SANCTUARY OF MERCY











































KANLUNGAN NG AWA (Sanctuary of Mercy)

Altar of Repose / Art Installation
24 March 2016, Maundy Thursday
Kristong Hari Parish
Commonwealth Avenue cor Kasunduan Street
Barangay Commonwealth, Quezon City

In the year of the Extraordinary Jubilee Year of Mercy, Kristong Hari Parish mounts an unconventional altar of repose entitled Kanlungan Ng Awa (Sanctuary of Mercy). On Maundy Thursday after the liturgy of the The Last Supper, the parishioners and pilgrims will experience an art exhibition inside the temporary makeshift tent-chapel reminiscent of the St. Michael’s Chapel, an tent-like Orthodox Ethiopian Christian Church at Calais “jungle” refugee camp which was bulldozed along with a mosque early this year (Febraury 2016). The design and production of this tent-chapel/art installation is a creative interaction, an in-depth collaboration and a cooperative construction between artist-priest Jason Dy, SJ and the congregation/communities of the parish.

In his public art projects, Dy attempts to construct works in and outside his studio or conventional art spaces to explore the changing religious and cultural contexts, locations and events. In this project, he explores the ideas of communal cooperation from design to production of art with the local, sited community such as the urban poor community of Barangay Commonwealth.
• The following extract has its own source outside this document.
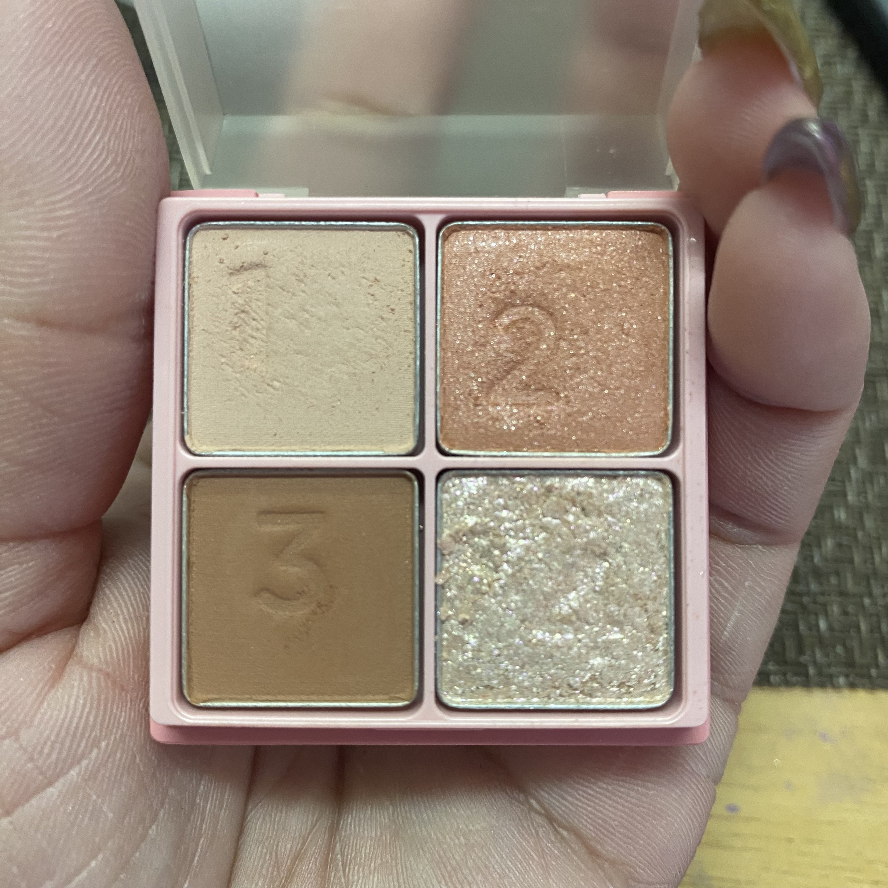 CANMAKEベルベッティフィットカラーズ01チョコレートティラミス02ハニーダイヤモンド03ベビーアプリコット04ローズココアセルレにて4つセットで490円と激安で購入💓1個の金額にも満たしてないこの安さに驚愕wアイシャドウラブな私からした...

In this way, he taps into the movement of artists “developing unusual methods for engaging individuals, audiences and communities in the production (and redefinition) of art, wherein forms of co-authorship, collaboration, cooperation and social participation are tested.” (Decter, 2014, p. 15) Instead of focusing on the social and political relations (though not denying their relevance), as a priest, Dy employs art processes and discourse in engaging Christian liturgical seasons such as the Lent and Easter with their specific rites and popular devotions. In Kanlungan Ng Awa, he employs installation and participatory art in engaging in the tradition of decorating churches with altar of repose for the Visita Iglesia.

In engaging with the community, Dy also appropriates the vernacular aesthetics of the community characterised by relationality, improvisation and raw creativity. These aesthetics seem to subvert the hegemony of mass production of goods characterised as manufactured, monotonous and impersonal.

Another level of engagement is discerning the movement of the spiritual in the lives of the faithful in their experiences of various crosses in life’s Calvary as well as whatever is mundane in their everyday.

There are four interrelated components of the tent-chapel that reflect both the vernacular aesthetics of the local community as well as their faith convictions of the Christ crucified. One, the floor installation of textile quilt are made up of contributed worn out blankets, curtains, towels, malongs, bed duvets and other unused textiles. When they are sewn together by local parishioners, they point to the reality of different individual parishioners with different needs, contexts and histories that make up the whole church community, or perhaps stitching their persons and meagre resources to build the mystical body of Christ. Second, the transparent plastic filled with prayers, ribbons, dried sampaguitas and air are like balloons suspended on the ceiling to allude to clouds of prayers, to seek succour from Inang Desay, Mary Untier of Knots, or to an act of prayer as breathing-in/out of the Spirit but with an aesthetic of the local retail shop, Sari-sari, displaying their wrapped/encased goods tied up with ropes. Third, the tabernacle is constructed from re-used plywood door installed on the wall of found resembling a shanty and disparate wooden boards collected from the church ground and community local constructions. Yet inside the tabernacle, gold paint and gold linings are placed to suggest that divinity resides in what is considered derelict in the materiality of the world. The circle painted in gold enveloping the whole tabernacle presents a focal point of considering the sacredness of the mundane as the sacrament of God’s presence in the everyday. Lastly, the photographs that Dy took of the parishioners during his conversations with them about their lives in relation to Stations of the Cross are interspersed poetry in Filipino to capture the essence of the specific narrative of their struggles as well to thematise it for other people to relate to the particularity of the stories. This piece is printed in tarpaulins stretched on wood and lined up according to the hybrid version of the Filipino version of the fourteen stations combining the traditional and scriptural editions and ending with the resurrection scene.

In commissioning art inside the tent-chapel, the parish priest Roland Jaluag intends this collaboration with the artist and his parishioners to be a channel of meditating on the mystery of the cross that reveals a greater loving that is willing to offer one’s life for one’s neighbor. He also hopes that both parishioners and pilgrims will consider the heart of God—pierced, crowned with thorns, marked with a cross yet on fire with unquenchable mercy.

Thus, the public is invited to take off their shoes and slippers, enter into a sacred sanctuary, sit down, keep quiet, pray, keep vigil at least for an hour, and allow oneself to be embraced with the warmth and tenderness of a merciful God.

Decter, J. (2014) Culture in Action: Exhibitions as Social Redistribution. In: Decter, J. and Draxler, H. (2014) Exhibition as Social Intervention: ‘Culture in Action’ 1993. London: Afterall, pp. 14-43.